While Washington Republicans concentrate on symbolic top-down “outreach” efforts, a California state senate race may actually provide a better roadmap for how Republicans can win in districts dominated by Democrats and minorities. 

As the Wall Street Journal noted, Republican farmer Andy Vidak (second from right, above) appeared to have defeated a Latina Democrat for a seat in California’s 16th state senate district last week “in a gerrymandered district that was 60% Hispanic and in which Democrats boasted a 22-point registration advantage.” 

Vidak’s opponent, Leticia Perez, had initially conceded when Vidak had 52% of the vote, but it looks like Vidak and Perez will battle in a July 23 runoff because Vidak looks like he has fallen a couple hundred votes shy of staying above the 50% mark. 

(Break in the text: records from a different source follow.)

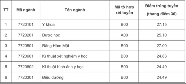 Ở tổ hợp truyền thống B00, Y khoa vẫn dẫn đầu với 28,27 điểm, tăng 0,54 so với năm ngoái. Nếu có chứng chỉ tiếng Anh IELTS 6.5 hoặc tiếng Pháp DELF B2 (hoặc tương đương), thí sinh chỉ cần đạt 26,55 điểm để đỗ.
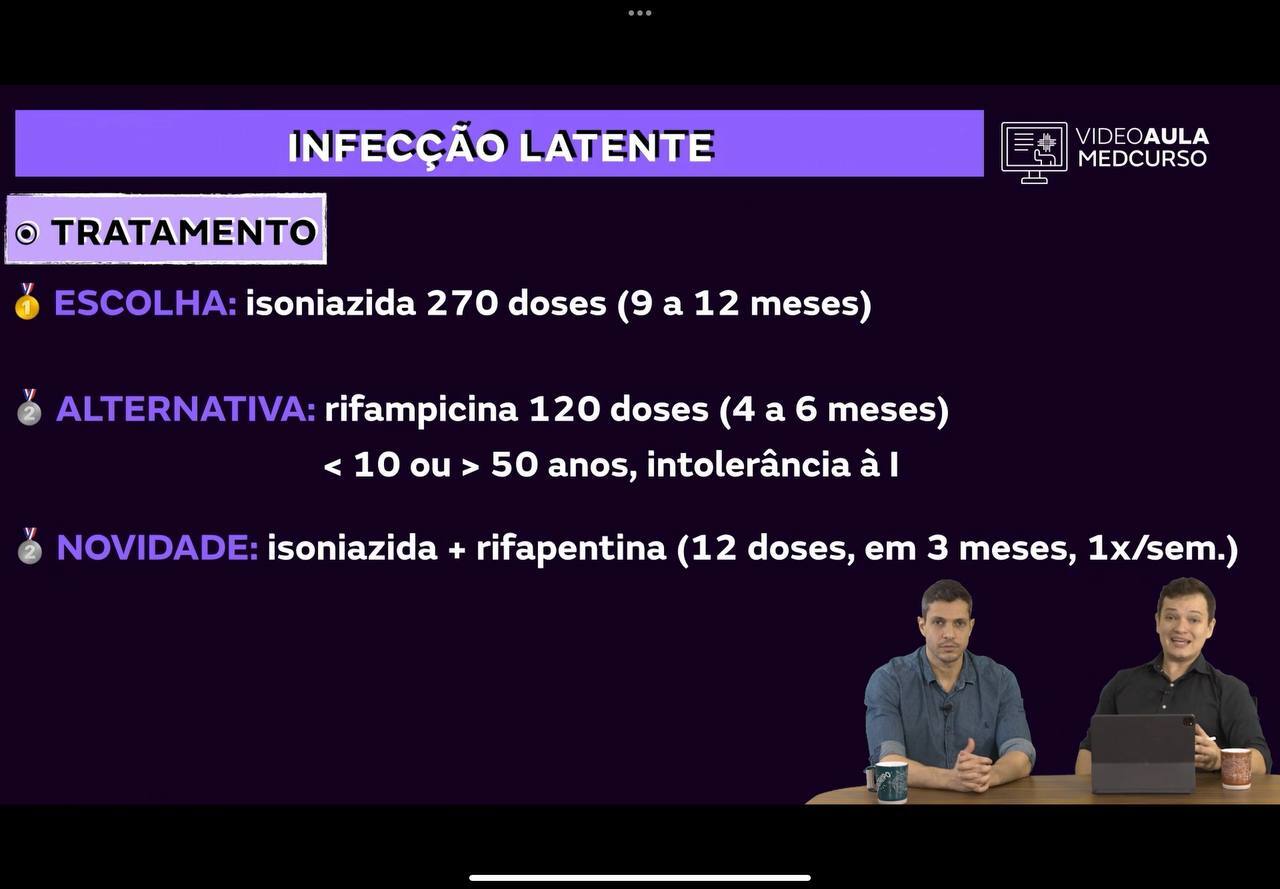 1° escolha ➡️ Isoniazida 270 doses entre 9-12 meses. O importante aqui é o paciente tomar todas as 270 doses.
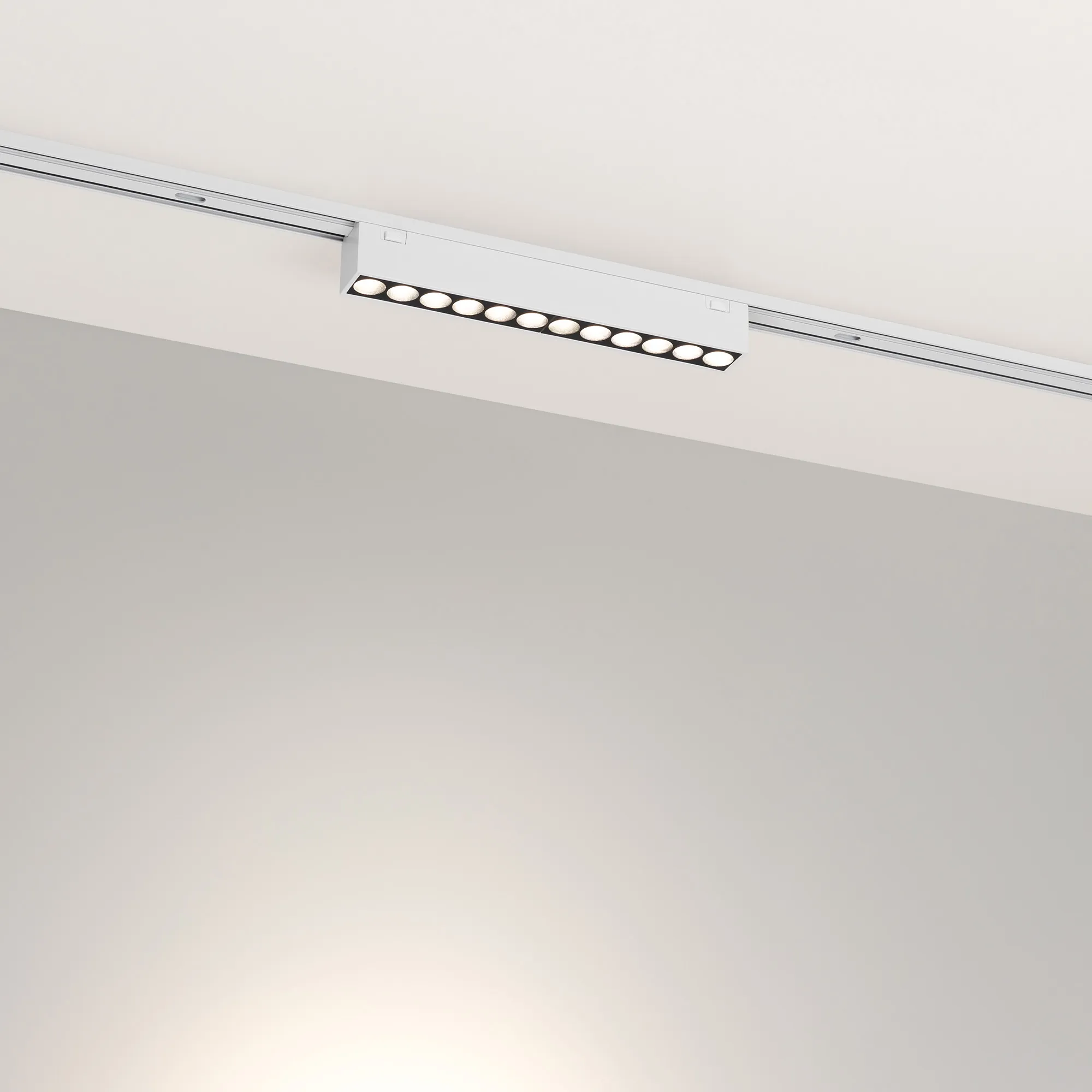 Светильник для магнитных треков MAG-VIBE. Мощность 12 Вт, св. поток 910 лм, 76 лм/Вт, дневной 4000 K, CRI>90, угол 24°, напряжение питания 48 В. Белый прямоугольный корпус из алюминия, экран поликарбонат, степень защиты IP20. Размер: длина 197 мм, ширина 25 мм, высота 29 мм. Монтаж на трек MAG-VIBE. Пульсация <1%.
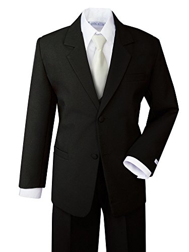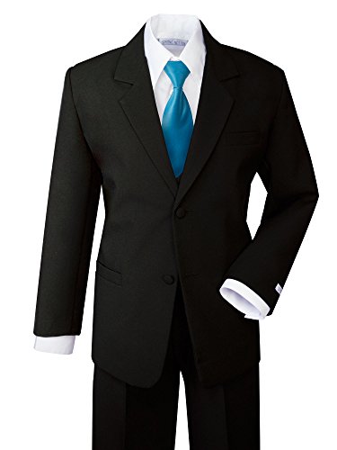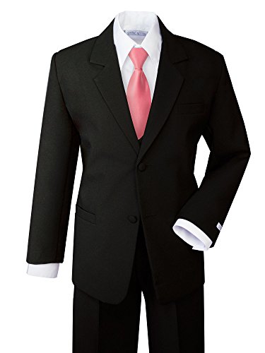 This classic fit dress suit set is styled with a more relax fit than our Modern Fit Dress Suit ( B017WNXY0A , B017WNY0KS ). This complete set includes jacket, vest, dress pants, shirt and tie. Some styles comes with a satin zipper tie in addition to the basic black tie. Set is 100% Polyester, except for dress shirt, which is 65% polyester and 35% cotton. For complete tie color selections, please search for Spring Notion Boys' Formal Dress Suit with Satin Tie, or B01L3NF606.Feature
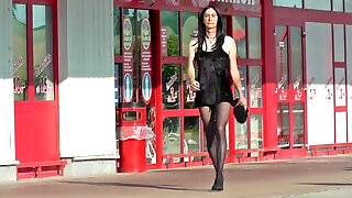 Crossdresser Sissy in very short Sundress outside
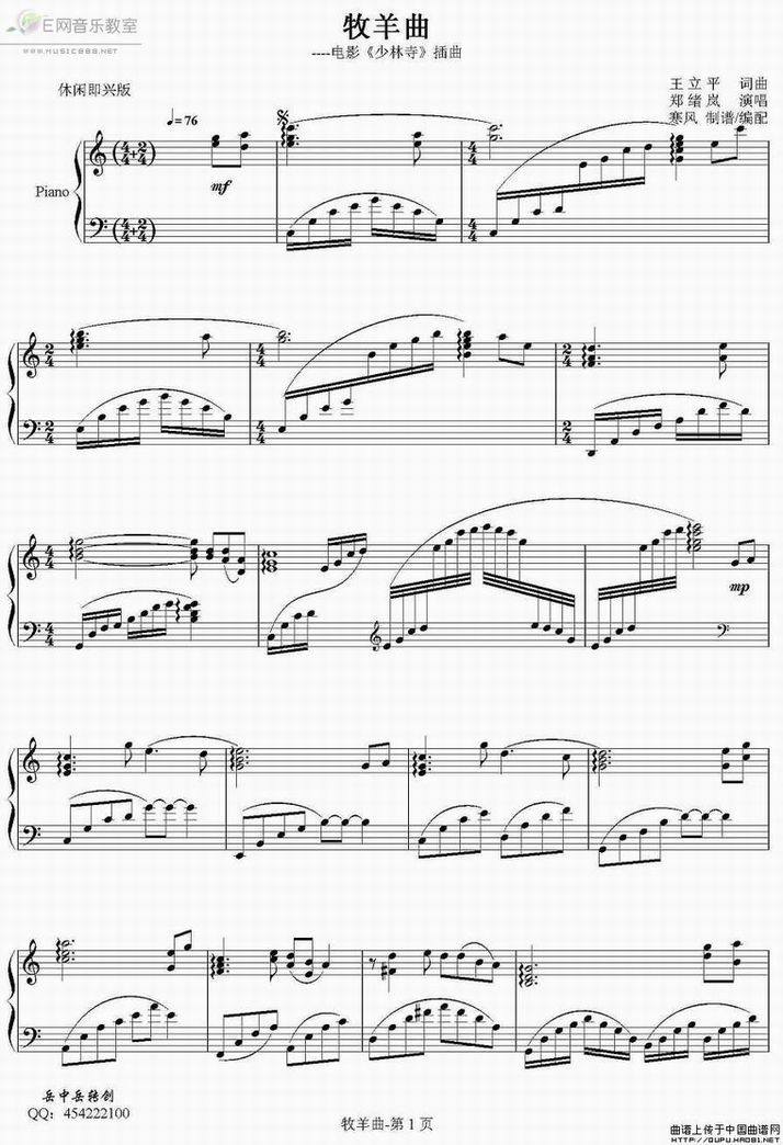 牧羊曲-郑绪岚(电影《少林寺》插曲钢琴谱)
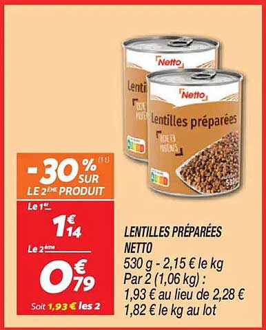 Découvrez une offre irrésistible sur les lentilles préparées Netto, disponibles à un prix exceptionnel cette semaine. Pas seulement délicieuses, ces lentilles sont un choix sain et pratique pour vos repas quotidiens. Profitez de cette promotion pour faire le plein de protéines et de fibres, tout en économisant.
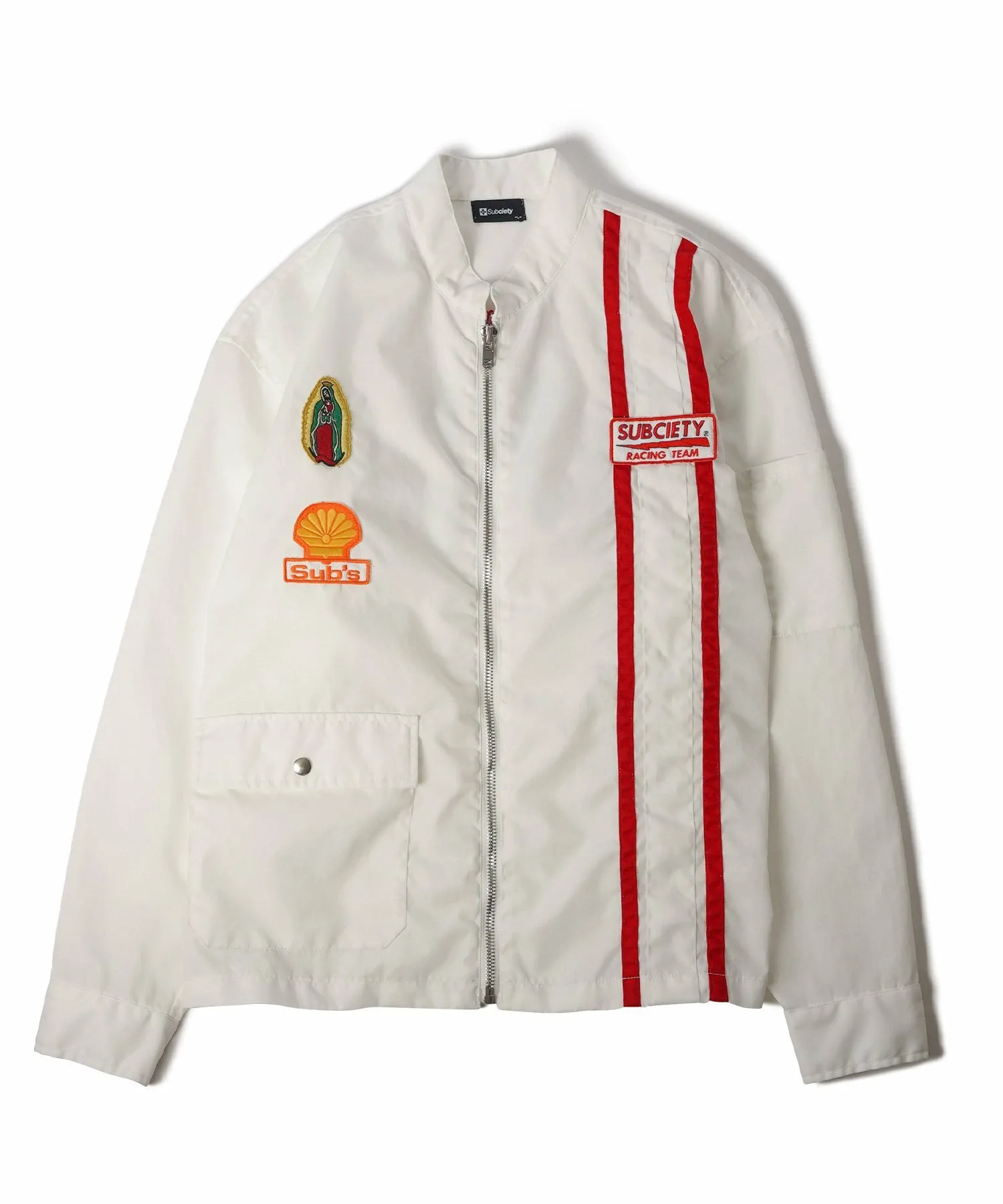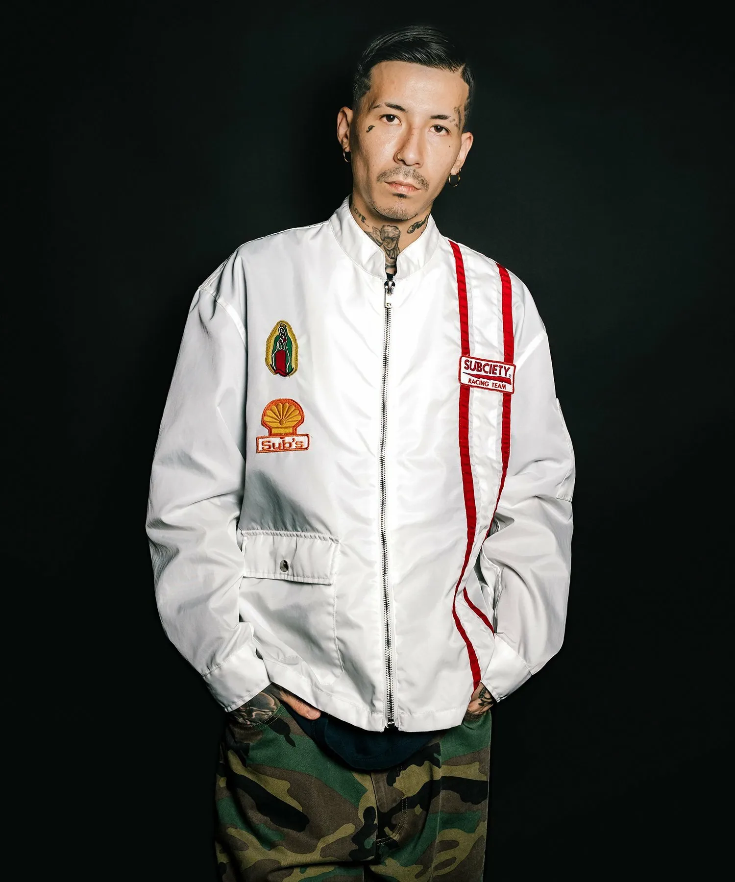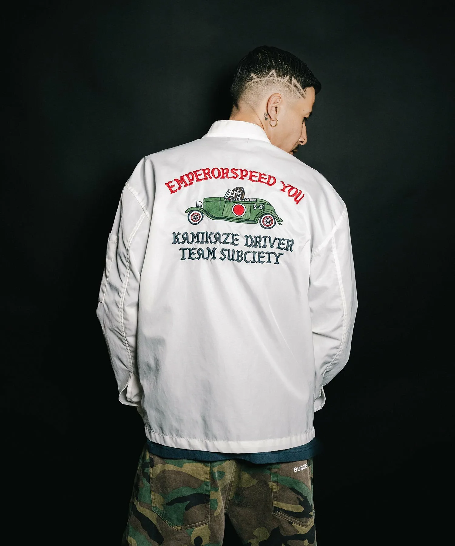 На передней части расположены различные нашивки, а на спине — большая вышитая графика, вдохновленная командой Hot Rod.
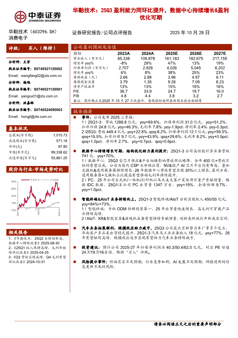 华勤技术:中泰证券-华勤技术-603296-25Q3盈利能力同环比提升,数据中心持续增长&盈利优化可期-251028
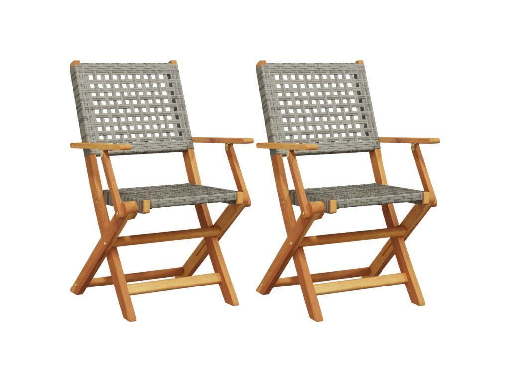 Multidom Záhradné stoličky 2 ks sivé masívne akáciové drevo a polyratan
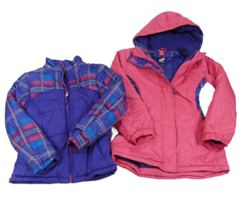 2x šusťáková zimní bunda - fialová s kostkovanými rukávy + ružová s kapucňou
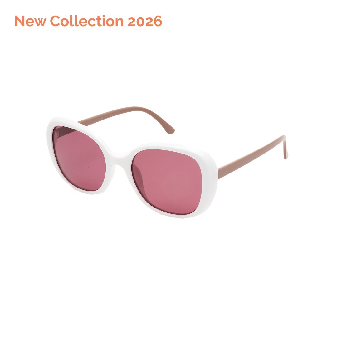 Combina una montura en blanco sólido con lentes en tono rosado, creando un contraste suave pero llamativo. Su forma redondeada con ligera caída aporta un aire más relajado y diferente.
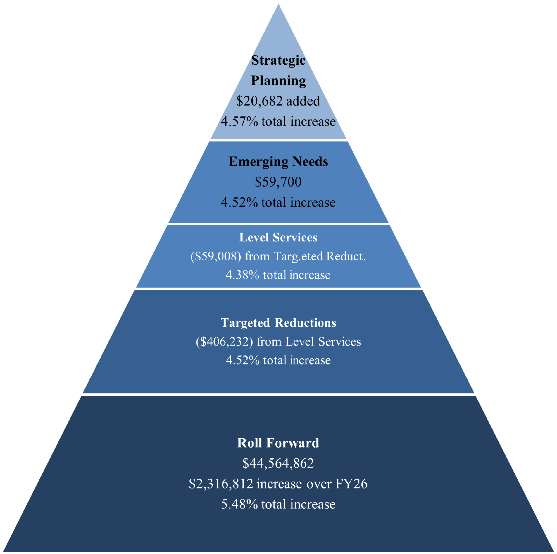 We want to thank all of you who have been participating in or observing the Budget Workshops. Superintendent Dolloff has presented a budget to the School Committee with a 4.57% increase over the current year. As shown above in the "budget pyramid," a "roll forward" budget would result in a larger increase than is being proposed, as the district's leadership team has worked diligently to ensure the budget is right-sized for the school population and needs. To read more about the proposed budget, please view the district's Finance Page. Remaining meetings in the public review process include:
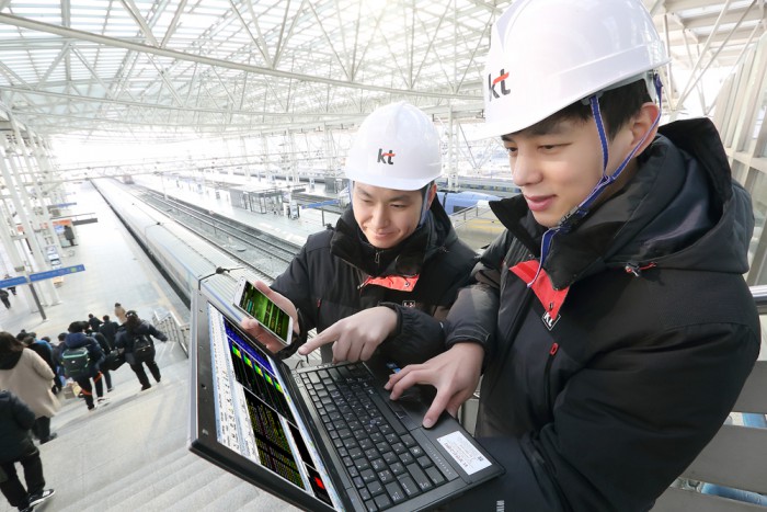 LG유플러스도 2월6일부터 14일을 특별소통 대책 기간으로 정하고 24시간 가동되는 서울 상암동 종합상황실을 개소해 비상사태에 대비하기로 했다. 전국 주요 고속도로와 휴게소, 공원묘지에 증가하는 트래픽을 처리하기 위해 비상 대책반도 운영한다.KT 직원들이 설연휴 귀향객들이 몰리는 서울역에서 트래픽을 확인하고 있다.<사진제공=KT>
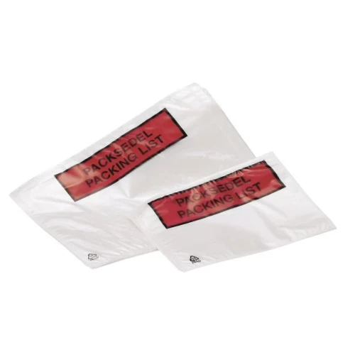 Til forsendelser der man ønsker å feste faktura eller følgeseddel på varen. Selvklebende, kleber på de fleste overflater - Åpning på langsiden - Mål: 235x175 mm - Tykkelse: 30 my - Pakke med 1000 stk.
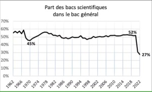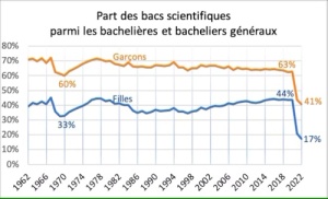 Et cette chute est encore plus forte pour les filles, qui étaient 44% à réussir un BAC scientifique en 2018 et ne sont plus que… 17% en 2022 ! Elles sont même moins nombreuses en proportion à préparer un BAC scientifique qu’en … 1962 !
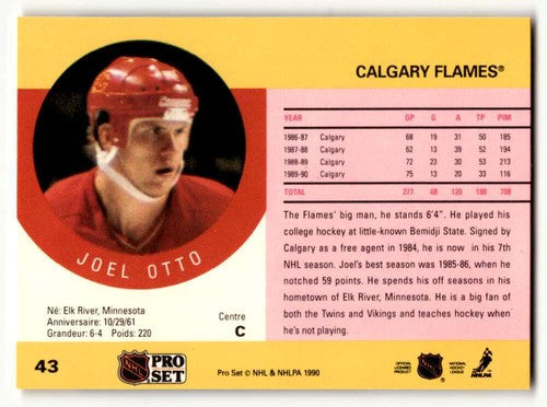 1990 Pro Set #43 Joel Otto Calgary Flames Hockey Cards EX/NM ID:60542
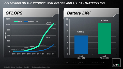 『スーパーコンピュータ並みの性能を備えつつ,8時間以上のバッテリー駆動を可能としたノートPC』がいま実現する」と宣言。500GLOPS超の浮動小数点演算性能と,Windowsアイドル時で10時間34分のバッテリー駆動とがA-Seriesで実現したと明らかにした。

Nevertheless, Vidak still greatly over-performed given that the Democrat who resigned his seat won in 2010 by a 21-point margin and state Democrats thought Perez, with her heritage and support of liberal unions and interest groups, would be a shoo-in to replace him. 

Not so fast.

Coastal elites in California have decimated California’s Central Valley and hurt the region’s farmers–of all races–by cutting off much of the water supply to protect an obscure fish that is of concern to environmentalists.

And Vidak, a working class candidate, resonated with working class Hispanics in the district who also saw how coastal California elites were not putting their bread-and-butter interests first.

As the Journal notes, local farmers and businesses recruited Vidak, a middle-aged, third-generation Valley farmer described as “more salt-of-the-earth than many of his new compatriots in Sacramento.”

His campaign theme was essentially “the bifurcation of California: the coastal liberal elites versus the Valley folks.”

“We’re getting left behind here,” he said. “They don’t view us as important.”

Vidak blames the district’s 15% unemployment rate (the unemployment rate is as high as 30% in some communities in the district), on the far-left environmentalists that have cut off water to the Central Valley to protect smelt from the Sacramento-San Joaquin River Delta.

“It’s fish versus farmer,” Vidak said, noting that liberals are siding with the fish by only allowing farmers to receive 20% of their water allocation. “Our water has been cut off by the far left.”

Furthermore, Perez could not win overwhelmingly just because of her race, as Democrats in the district punished her for supporting the liberal policies that run counter to their interests–like California’s bullet train that will slash through the district and “raze hundreds of farms, homes and businesses.”

“We don’t have clean drinking water in some areas of our district,” Vidak said. “And they want to build an $80 billion bullet train!”

As the Journal notes, Perez, his opponent, was one of those liberals who “endorsed the bullet train ‘as the biggest jobs plan in California history.'”

Even though Perez raised twice as much money as Vidak (90% of her donations came from outside the district), she “appeared out of touch with Valley voters’ values and concerns.”